Monday, December 19, 2005

Yiddish Culture Made Easy

At the one-day Yiddish Experience I went to December 18 as I walked out of the classroom, I spoke with my conversation partner who asked where my people came from. I replied, "Near Minsk in White Russia in a little shtetl (little Jewish village)." She said she recently went to White Russia for a visit and suggested I go. I asked her, "What was it like?" She said, "Like 200 years ago." I said, "No cars." She said, "Right." I had visions of horse and carts like some shtetl stories I've read. When I stood in line for lunch when asked a question, I'd say "yo" or "neny" or "a denk" (yes, no or thank you).

During lunch my mom and I shared a table with one of the Yiddish teachers who looked about 40 and who spoke all through lunch in Yiddish with two of his students who were young women in their early twenties. That's the first Yiddish conversation I've heard in many decades. It was just fascinating to hear people talk and talk and talk and talk in Yiddish! On the other side of my mother was a friendly looking woman so I asked her, "Vi heyst ir?" (What's your name?) Already, a Yiddish conversation!

After lunch we went downstairs to the chapel to hear Janet Hadda, Professor Emerita of Yiddish Language and Literature at UCLA spoke about I.B. Singer and his heroes. He seemd to have a lot of heroes: his brother Israel Joshua who was a successful Yiddish writer long before I.B. Singer was; his mother Basheva; and his rabbi father. Hadda said at first many Yiddishists (lovers of Yiddish) didn't like I.B. Singer because they didn't like his openess about sexuality. Many of his male characters have multiple wives like Herman Broder in the novel Enemies, a Love Story. But the current generation of Yiddishists seems not to be put off by Singer's treatment of sexuality in his novels.

The last event of the day was a workshop by Theodore Bikel, a great singer. He was accompanied by Deborah Strauss and Jeff Warschauer as he gave a workshop about Morechai Gerbirtig, one of the greatest songwriters in Yiddish. Bikel would tell us a little about Gerbirtig's life, sing a song, and then talk a little more.
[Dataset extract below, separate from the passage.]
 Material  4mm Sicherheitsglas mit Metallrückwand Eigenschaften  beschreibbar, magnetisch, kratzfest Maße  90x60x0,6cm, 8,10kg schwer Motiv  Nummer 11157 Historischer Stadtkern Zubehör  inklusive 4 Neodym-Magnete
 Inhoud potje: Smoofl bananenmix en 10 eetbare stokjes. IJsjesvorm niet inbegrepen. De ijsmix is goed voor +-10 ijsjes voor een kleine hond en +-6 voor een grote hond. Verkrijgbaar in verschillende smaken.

Gerbirtig was born in Kracow, Poland, in 1877 to a poor family, and became a carpenter. In his spare time he wrote wonderful poems and songs, but never recorded. Luckily, another Jew in Krawcow wrote down Gerbirtig's poems and songs in two manuscripts, and these two manuscripts miracleously survived the Holocaust: one copy wascarried to Israel while the second copy survived in YIVO, the Yiddish archive in New York. Gerbirtig himself was killed by the Nazis in 1942, but Bikel reminded us his music survived the Shoah.

Bikel sang us Gerbirtig's song "Yankele,": a mother sings to her son Yankele to go to sleep, hoping he will grow to become a great scholar but she knows it will cost her much hard work "and many tears to make a man out of you." In "Motele" there is a father-son dialogue with the father berating the son for fighting in kheder (religious school), chasing after doves, and breaking windows. The son defends himself by saying that grandfather told him that the father also liked to chase after doves and the teacher whipped the father, but dad turned out all right and so will he.

Besides these songs, Bikel also sang us two love songs: in one a non-Jewish goatherd tries a woo a Jewish girl who says that any romance in impossible because of their different religions. The final song was a spirited pro-worker march that Gerbirtig wrote. Bikel's singing was mesmerizing while the musicians who accompanied him were wonderful. I could have sat there hours more listening to Bikel who has immense knowledge of Yiddish song as well as being a captivating performer.

All in all I was inspired by my one-day Yiddish extensive to try for a whole week! Next year, a week of Yiddish language and culture.